Mesmo no universo digital de hoje, no qual um ou outro filme parece ter efeitos digitais complexos, o público e a crítica especializada louvam os efeitos vistos nos filmes como um grande e genuíno salto do que é possível conseguir na tela usando tecnologia de última geração.
Como sempre, Gore Verbinski e Jerry Bruckheimer esperavam que Knoll e Gibson elevassem ainda mais o nível de qualidade em No Fim do Mundo (At World’s End). “Este é um projeto muito grande para nós”, admite Knoll. “Terá muito mais cenas de efeitos visuais do que em O Baú da Morte (Dead Man’s Chest) e, devido ao curtíssimo intervalo de tempo disponível para a pós-produção, eu estou supervisionando uma parte, Charlie Gibson está supervisionando outra e o restante foi distribuído entre várias empresas de efeitos visuais.
“Normalmente, quando um desafio como este aparece”, continua Knoll, “Você pensa: ‘bem, como vamos fazer isso e será que há algum aspecto que não somos capazes de fazer com as ferramentas de possuímos atualmente?’ E se a resposta é ‘sim’, eu tenho que consultar o departamento de pesquisa e desenvolvimento para fazer algumas modificações de forma que seja possível viabilizar as cenas. E essa é uma situação que acontece com bastante freqüência. Em quase todos os filmes que fazemos, nós implementamos algo novo, ou usamos ferramentas que precisam ser modificadas.”

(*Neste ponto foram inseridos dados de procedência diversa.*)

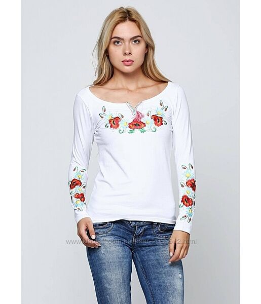 Футболка виготовлена з бавовняної тканини білого кольору. Довжина рукава три чверті. На грудях і на рукавах оздоблена вишитими маками. Кольори вишивки червоний, зелений, чорний, жовтий, голубий.Розміри: M, L, LX
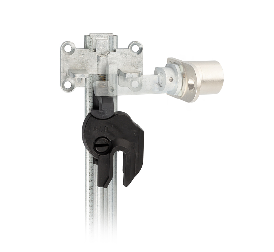 Univerzální zámková tyč pro centrální zamykání zásuvek s výsuvy. Protikus instalovaný na čílko zásuvky.
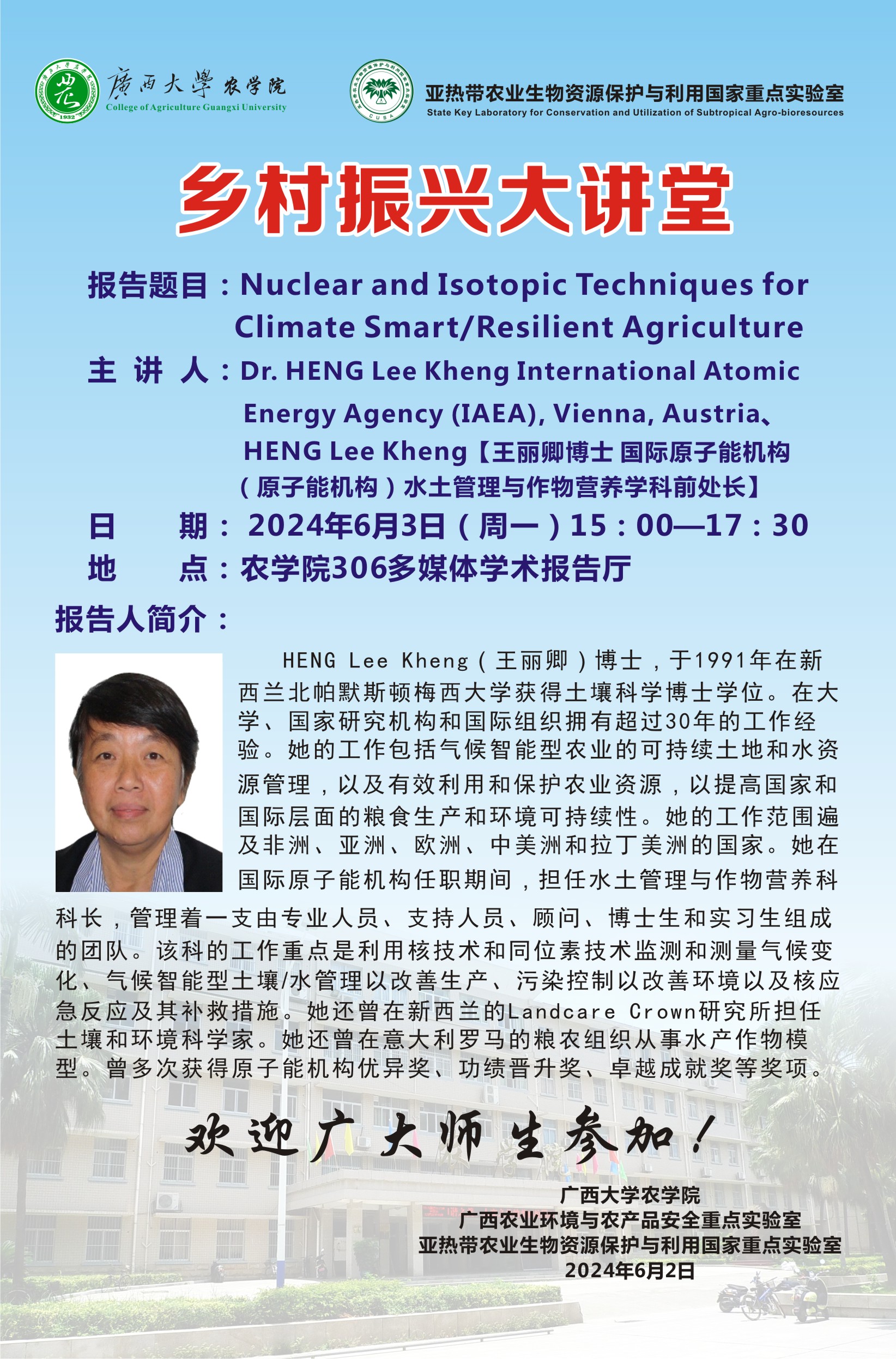 乡村振兴大讲堂-Nuclear and Isotopic Techniques for Climate Smart/Resilient Agriculture

Os cenários gigantescos que Knoll e Gibson precisaram fazer foram poderosas contribuições – Os Domínios de Davy Jones, Cingapura, o Raio Verde e, é claro, o Redemoinho gigante que é o clímax do filme – sempre mesclando efeitos visuais e mecânicos com efeitos “in-camera”. Knoll explica: “Gore considera muito importante, e eu concordo com ele, que é preciso ter elementos reais misturados. Quanto mais real for possível fazer, mais plausível e realista fica o resultado final. Gore sempre propõe tentar usar elementos práticos nos cenários, captar o máximo possível com a câmera e usar efeitos visuais apenas onde de fato seja necessário. E diz também para não confiar demais em uma única técnica. Então em uma cena, por exemplo, temos uma extensão do background que é uma miniatura e em outra cena utilizamos computação gráfica. Desde que alternemos um pouco as coisas, o público tende a não perceber os artifícios de uma técnica em particular, e nós acabamos obtendo um resultado melhor.”

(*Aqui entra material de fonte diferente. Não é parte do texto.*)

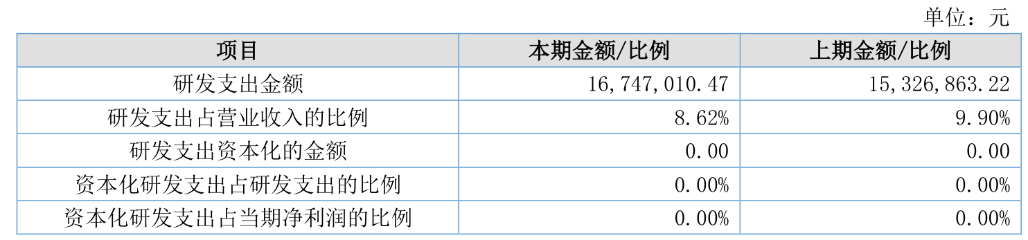 2025年全年,公司研发投入金额为1674.7万元,同比增长9.27%;研发投入占营业收入比例为8.62%,相比上年同期下降1.28个百分点。此外,公司全年研发投入资本化率为0%。
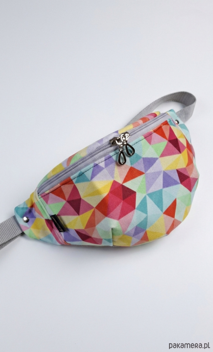 Kolorowa nerka zapinana na zamek. Saszetka ma pastelowy, geometryczny wzór w odcieniach różu, żółci, zieleni i fioletu, co nadaje jej lekki, wakacyjny charakter. Pasek w jasnoszarym kolorze. Nerka idealna na spacer lub letnie wyjście.
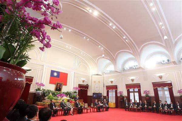 馬英九總統上午在總統府接見「中華民國牙醫師公會」全國聯合會理監事幹部,除肯定該公會對促進國人口腔健康的卓越貢獻,並強調政府將持續努力,致力改善醫護人員的福利與執業環境。
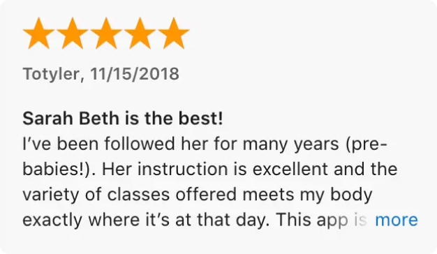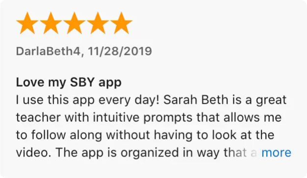 If you’re pregnant, postpartum, diabetic, have a medical condition, an injury or a physical disability, please consult your doctor or professional healthcare provider before starting the SarahBethYoga Membership + APP.
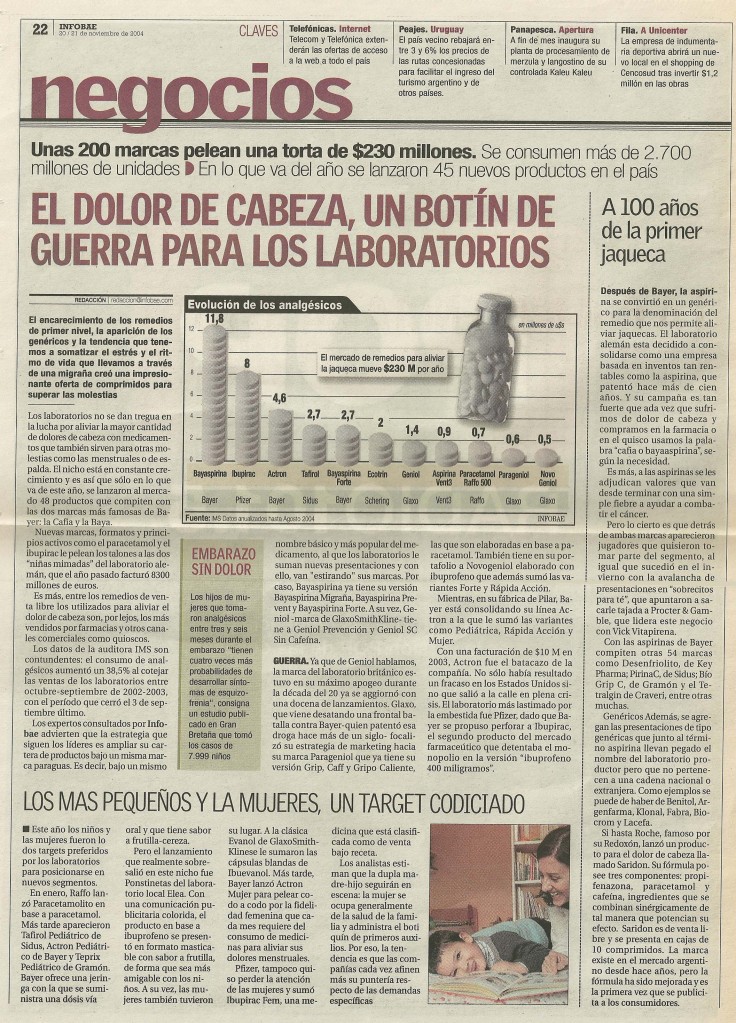 Los laboratorios no se dan tregua en la lucha por aliviar la mayor cantidad de dolores de cabeza con medicamentos que también sirven para otras molestias como las menstruales o de espalda. El nicho está en constante crecimiento y es así que sólo en lo que va de este año, se lanzaron al mercado 48 productos que compiten con las dos marcas mas famosas de Bayer: la Cafia y la Baya.

Um aspecto de No Fim do Mundo (At World’s End) que não foi uma preocupação especial para Knoll foi Davy Jones que, tendo sido interpretado por Bill Nighy e trazido à vida pelo supervisor e equipe de artistas da ILM, já tinha surpreendido o mundo em O Baú da Morte (Dead Man’s Chest). Para aquele filme, Knoll e a ILM criaram um novo sistema de captura de movimento que chamaram de Imocap, que simplificou drasticamente o que era feito anteriormente. Em vez de usar as 16 câmeras exigidas, Knoll e sua equipe inventaram um sistema completamente móvel, que necessitava apenas de três câmeras e uma malha com sensores nos atores, sem a incômoda separação de estúdio de som e telas verdes que eram a base do sistema antes das inovações. “Davy foi nosso grande foco no segundo filme, e eu acho temos todo o visual e tecnologia necessários neste ponto. Hal Hickel, nosso supervisor de animação, e sua equipe estão agora familiarizados com o personagem, então temos um bom repertório para trabalhar com Davy e com sua tripulação do Flying Dutchman. Na verdade, os 16 principais membros da tripulação do Dutchman em O Baú da Morte (Dead Man’s Chest) foram acrescidos em número em No Fim do Mundo (At World’s End), particularmente para a seqüência do redemoinho. Explica Knoll: “Com certeza pegamos alguns dos personagens que faziam pano de fundo no segundo filme e os trouxemos para a linha de frente para aumentar um pouco.”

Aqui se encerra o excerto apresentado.